Is it secure to delete this? - VC_Red, install.res, EULAs and globdata files appeared all of a sudden
Is it secure to delete this? - VC_Red, install.res, EULAs and globdata files appeared all of a sudden
Hello! I'm not entirely sure the right forum is for this, so please adjust it if needed. I have three main storage devices in my computer: a C-drive, two game drives (for Steam, Epic, EA libraries, etc.), and everything seems to have been moved here today. I discovered that the Games 1-drive contains a lot of random files. A quick search suggests these might have been created by Windows by mistake and should ideally be moved to the temporary folder or appdata folder, not a random drive. Based on that, it seems safe to delete them. However, I don't trust advice from random online communities. I'm reaching out for a few more perspectives. I just completed a fresh installation, so I don't want to risk anything by removing these files. P.S.: It's also curious that the "Date modified" dates don't match any recent activity except for my Steam and Dropbox folders. How could that be? These drives were recently wiped three weeks ago. Thanks for your assistance!

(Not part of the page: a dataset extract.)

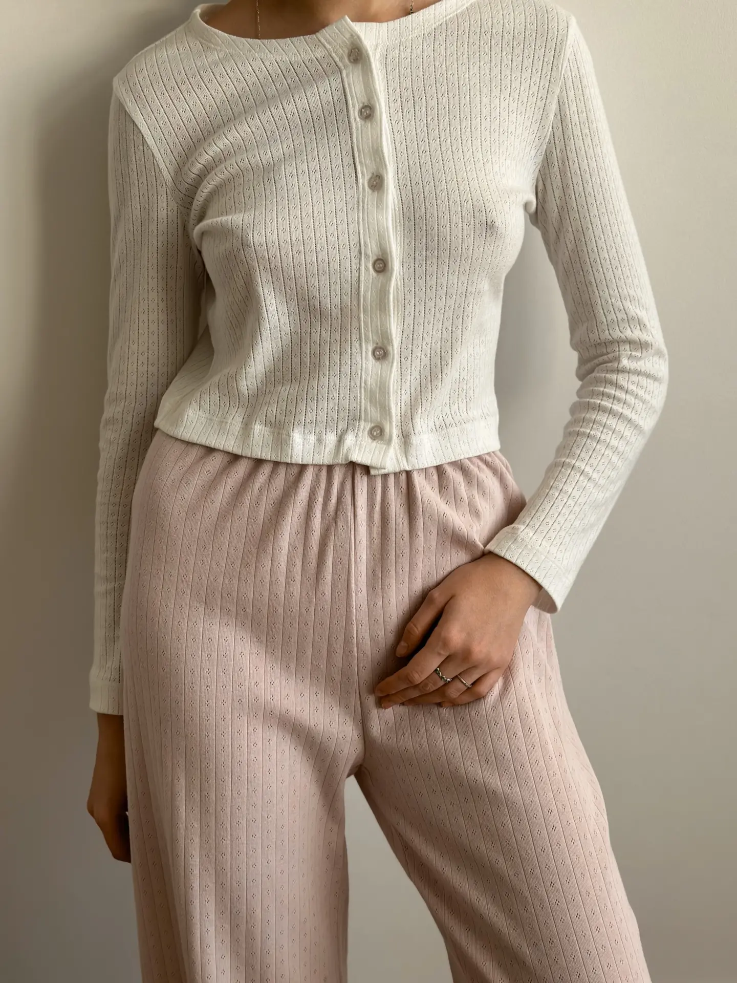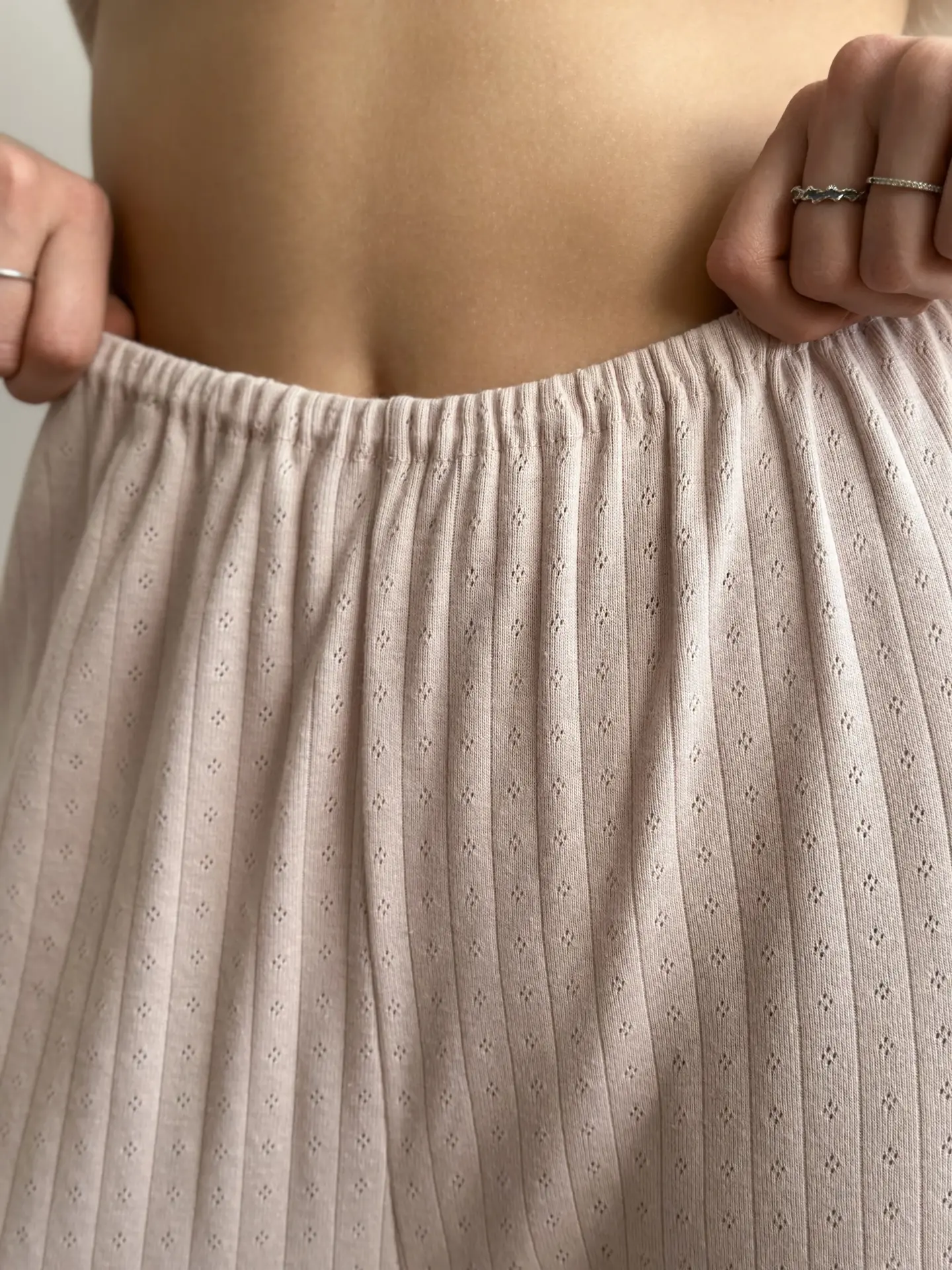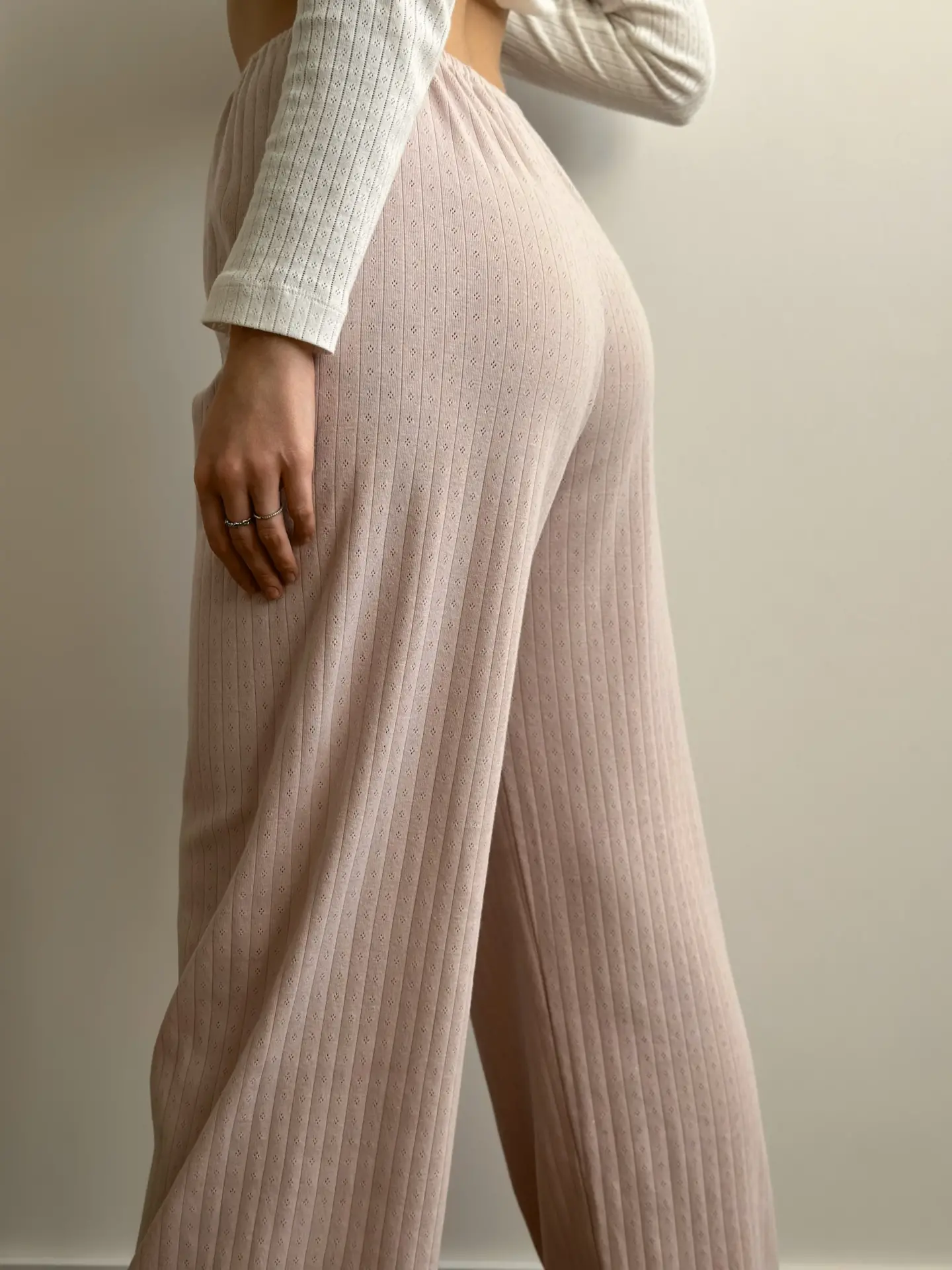 Spodnie szerokie z ribany prążkowanej, pudrowe

They are all part of MSFT Visual C++ Redistributable package. For whatever reason they will install on all the hard drives in your system at least that what my experience has been and all five of my drives have those files but different dates of modification. There is some "controversy" as to whether they are safe to delete (Google can be your friend). Since all of them are quite small just leave them alone.

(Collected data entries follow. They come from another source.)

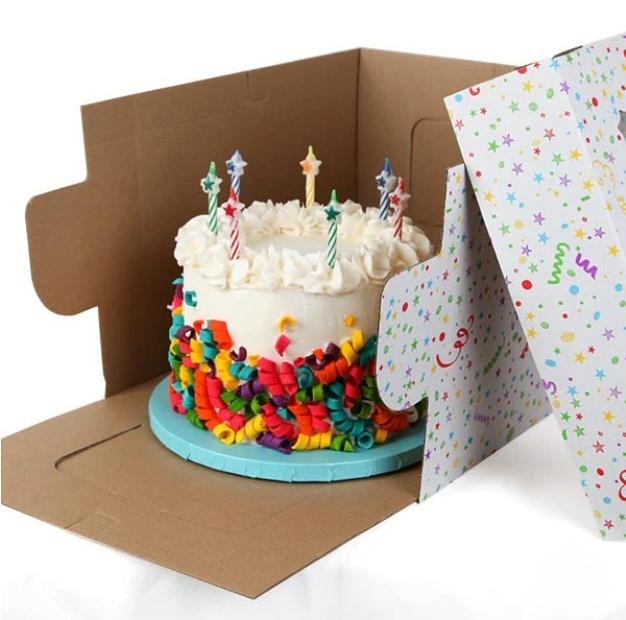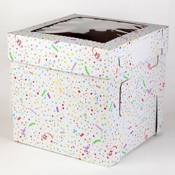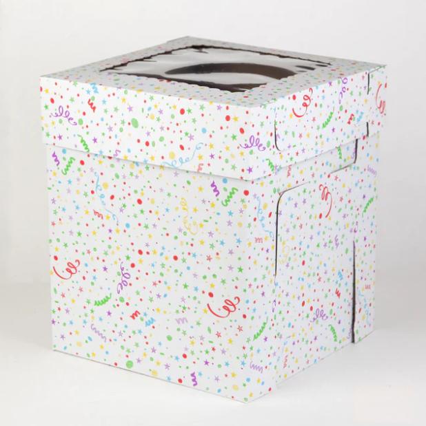 Now you can transfer your two tiered or 3D cakes safely with this Tall Window Cake Box. The window allows you to see your beautiful cake creations, while the added height keeps your creation safe and sound during transportation.  The convenient side opening of the box makes moving the cake in and out of the box easy.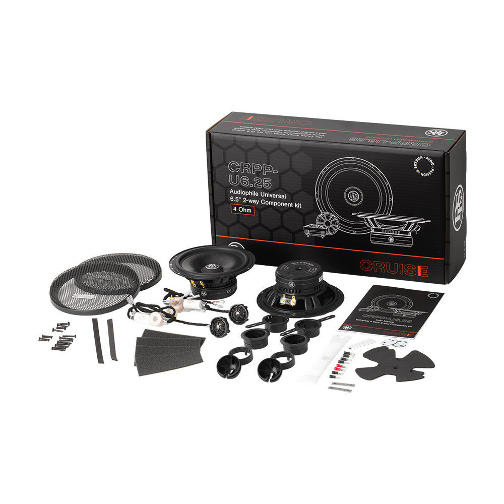 DLS Cruise CRPP-U6.25 er et komplet kitsystem med mellemtone og diskant, bygget til dig der vil opgradere lyden i bilen, én gang for alle. Med en naturlig, klar og dynamisk lyd løfter højtalerne hver tur, uanset hvor kort den er. I kassen finder du CRPP-UW64 og CRPP-UT25, sammen med delefilter med Mundorf-kondensator og sekskantmønstrede gitre til synlig montering i dørside, kickpanel eller boks.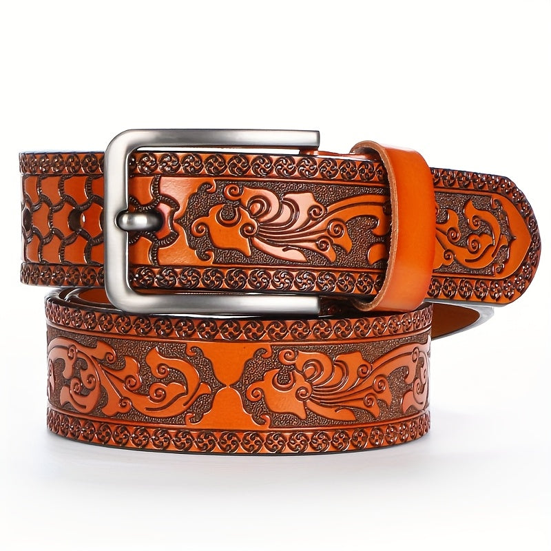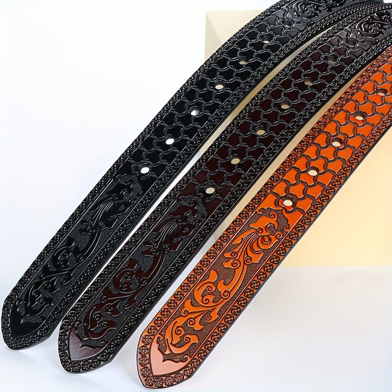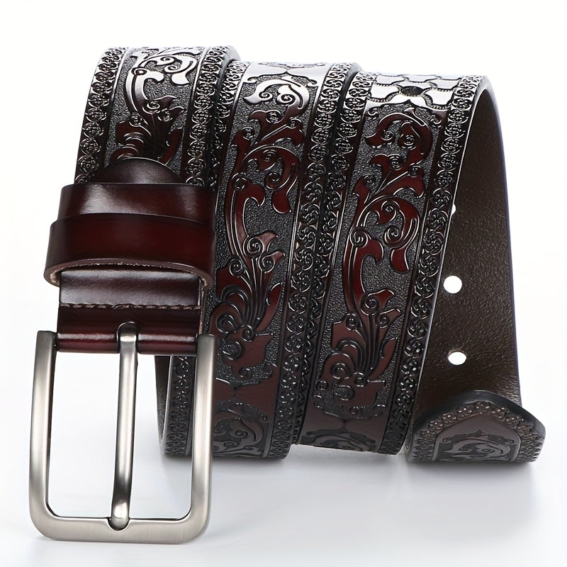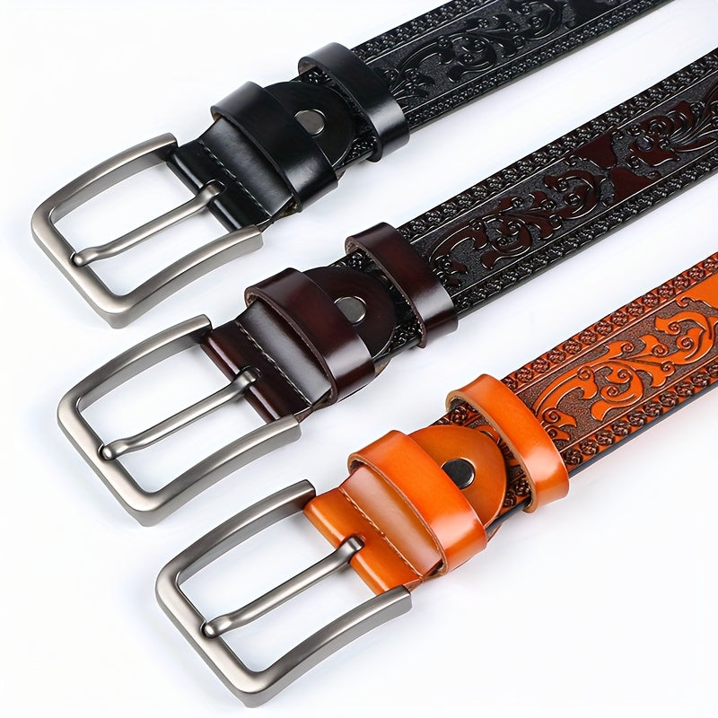 Мужской кожаный ремень с металлической пряжкой в винтажном стиле для делового повседневного ношения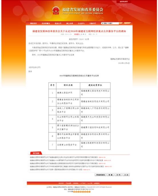 根據(jù)《福建省發(fā)展和改革委員會(huì)關(guān)于認(rèn)定2016年福建省互聯(lián)網(wǎng)經(jīng)濟(jì)重點(diǎn)公共服務(wù)平臺(tái)的通知》(閩發(fā)改數(shù)字〔2016〕802號(hào)),省信息所所屬海峽信息公司建設(shè)運(yùn)營(yíng)的“福建省海峽軟件應(yīng)用安全公共服務(wù)平臺(tái)”成功入選2016年福建省互聯(lián)網(wǎng)經(jīng)濟(jì)重點(diǎn)公共服務(wù)平臺(tái),成為省財(cái)政扶持建設(shè)項(xiàng)目中信息網(wǎng)絡(luò)空間安全方向的唯一重點(diǎn)資質(zhì)對(duì)象。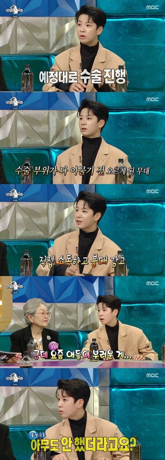 이어 "코로나19로 갑자기 '미스터트롯' 결승이 연기되면서 병원 예약은 취소가 안 되니까 결승이 연기됐으니 예정대로 했는데 갑자기 결승전이 앞당겨졌다"면서 "그래서 일주일 안 지났는데 막 제가 소독제 바르고 붕대 감고 종이컵을 찬 상태에서 부른 것이다. 그래서 걸을 때 막 아팠다"고 회상했다.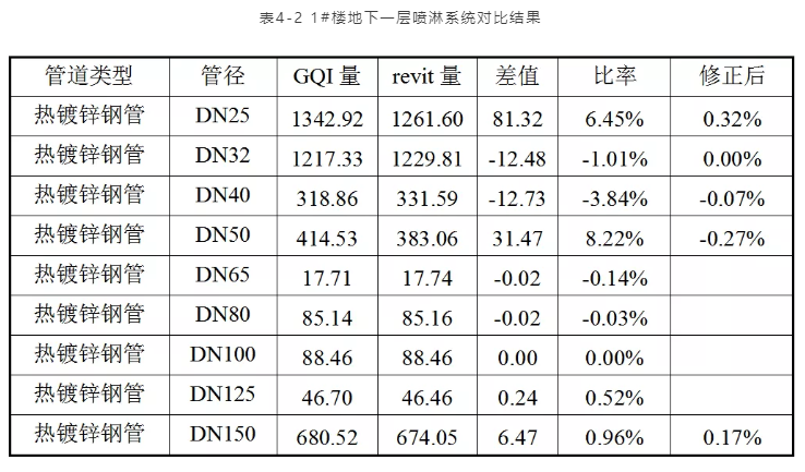 本項目的工程量計算采用BIM算量與廣聯達算量軟件相結合的形式,為了確保工程量的準確性,本項目對BIM算量與算量軟件計算的結果進行了對比,文中僅展示1#樓地下一層噴淋系統對比結果如表4-2所示:

I could leave them, but they’re in the root folder of that storage, which means I always see them whenever I need access. I can’t locate similar files elsewhere. And why are the install dates listed? As noted, I formatted these drives three weeks ago.

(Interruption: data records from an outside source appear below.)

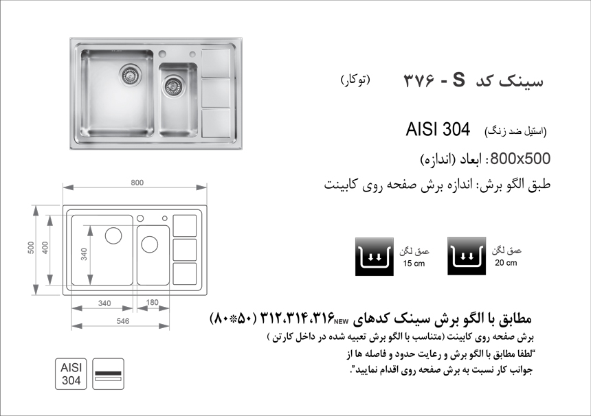 | جنس سینک | استیل معمولی |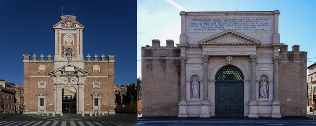 - (왼쪽부터) 포르타 피아 내외부 쪽 파사드. 출처 위키미디어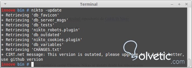 Nikto actualiza periódicamente sus repositorios para añadir versiones de cada uno y actualizar nuevas vulnerabilidades que van surgiendo. Como lo haría un antivirus, en este caso el repositorio utilizado por Nikto es la base de datos de vulnerabilidades en la web http://osvdb.org/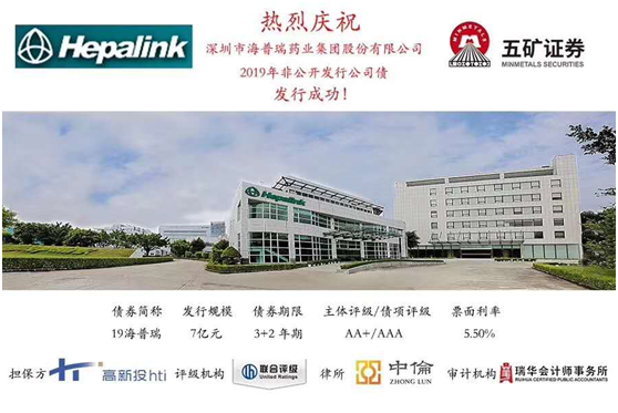 據(jù)悉,此次私募債券“19海普瑞”發(fā)行規(guī)模為7億元,期限3+2年,票面利率5.5%。在深圳高新投的助力下,債券募集過(guò)程中,得到了各大金融機(jī)構(gòu)的踴躍認(rèn)購(gòu),獲得2倍超額認(rèn)購(gòu)額,5.5%的票面利率也創(chuàng)下近期AA+民營(yíng)企業(yè)發(fā)債利率新低。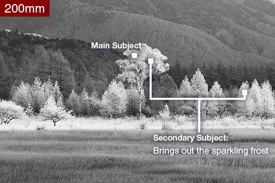 In Photo 1, I used a focal length of 47mm to capture a large number of elements. In contrast, with the focal length set to 200mm to capture a large view of the white birch, as illustrated above, I was able to bring out the sparkling frost that covered the trees. When determining the composition, you should take into consideration both the main and secondary subjects.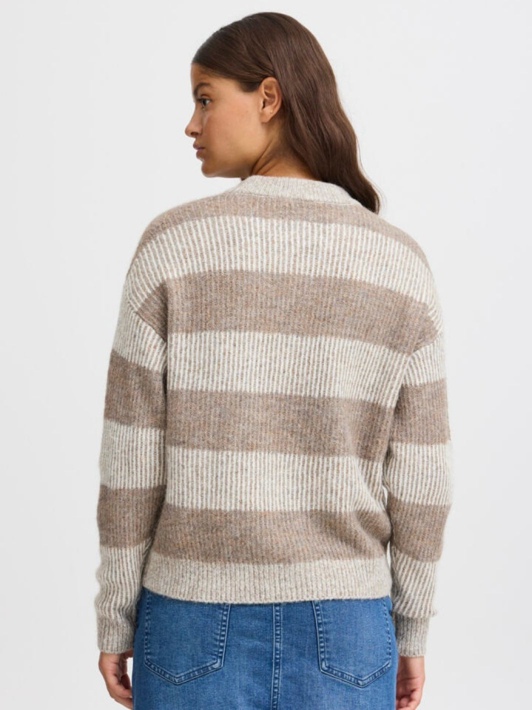 Fin strikket genser med rund hals, lange ermer og en rett passform. Genseren har et nydelig strikkemønster og er melert i fargen.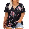 CARCOS Plus Size Tops for Women 4X Lace Up Floral Shirts V Neck Short Sleeve Black Tunics Casual Criss Cross Tshirt Loose Fit Tees for Spring Summer 4XL 24W 26W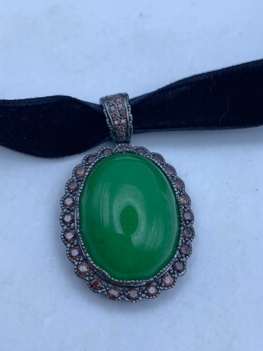 Vintage Green Jade Choker Gold Finish Necklace Pendant

I'm using Windows 11 Pro and don't have those files on my NVMe storage device (they aren't visible at least). All three of my Data Drives have the files, and their modification dates are from 2007. I don't mind them much. Each drive includes folders, so I rarely come across these files. If you think you need to remove them, at least take a snapshot of your OS drive so you can restore it later. Personally, I'd just ignore them and pretend they're not there.